How are we encouraged to evaluate them?
c) ‘[Pandarus’] role as author shapes the “romance” of the lovers’ successful
experience in the first three books of Troilus and Criseyde’ (Windeatt, 1992).
Explore how this authorial role works in the first books, and discuss what happens
to it in Books 4 and 5.
d) Discuss the relation between predeterminism, free will and blame in Troilus and
Criseyde.
4. Write an essay in answer to ONE of the following questions (32 marks). (1 hour)
a) ‘Nothing is so arrogant as ignorance’ (Erasmus, Letter to Dorp). Examine
Erasmus’ presentation of knowledge and ignorance in the Letter to Dorp.

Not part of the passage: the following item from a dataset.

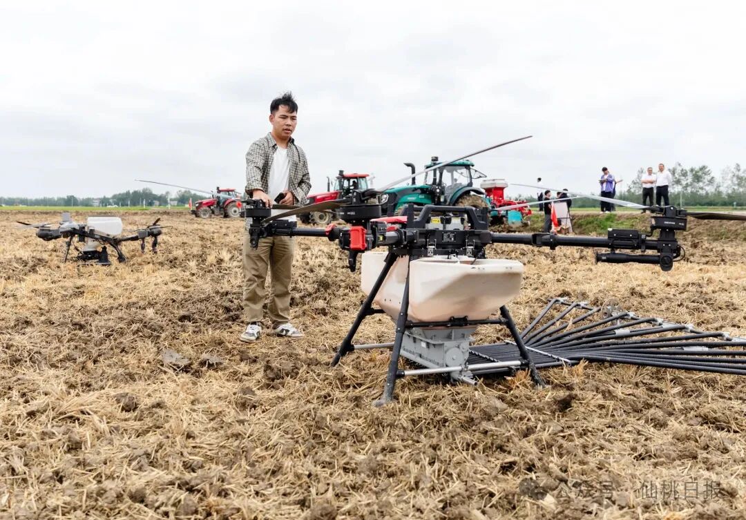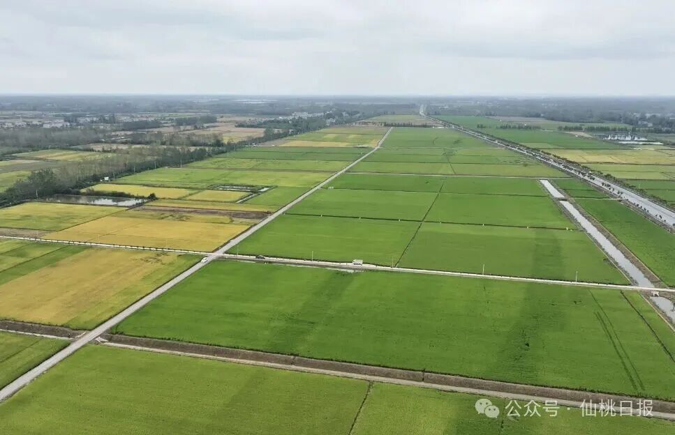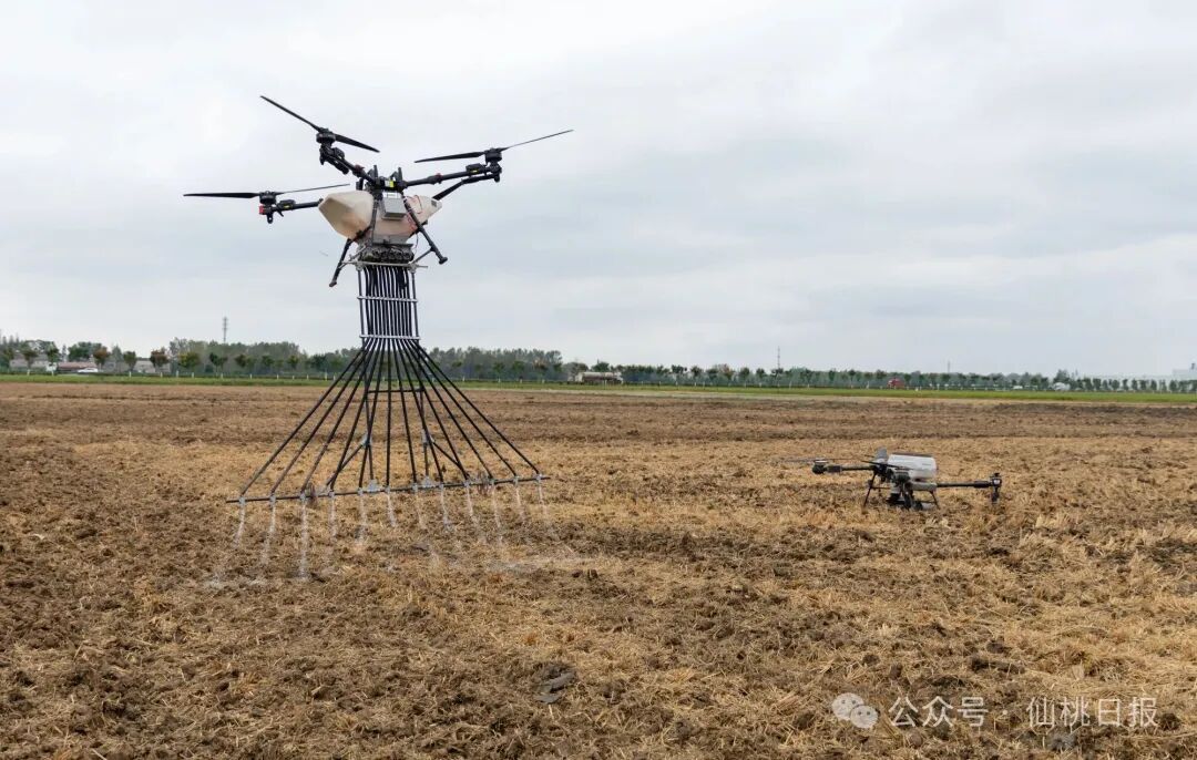 仙桃市三伏潭镇三湾村江汉大米核心种植基地,万亩连绵的水稻田褪去葱郁变得金黄,熟穗低沉,静待丰收。“现在正是‘谷林套播’的绝佳时机。”基地负责人刘孔含说话间,一台无人机盘旋在金黄的稻田上空,均匀地播撒下一粒粒油菜种子。

b) Consider the sonnet and the satire as contrasting modes of response to the
difficulties of Henrician court life in the poetry of Sir Thomas Wyatt.
c) How far does Astrophil and Stella succeed in escaping Sir Philip Sidney’s
criticism of other poets in The Defense of Poesy, that they ‘would never persuade
me they were in love?’
d) In what ways might George Gascoigne’s The Adventures of Master F. J. be seen
to reflect upon the concerns and anxieties of the age?
e) Is the chivalric romance enriched or enfeebled by its synthesis with religious
allegory in Spenser’s Faerie Queene, Book 1?
f) Compare and contrast the treatment of masculinity in Shakespeare’s Venus and
Adonis and Marlowe’s Hero and Leander.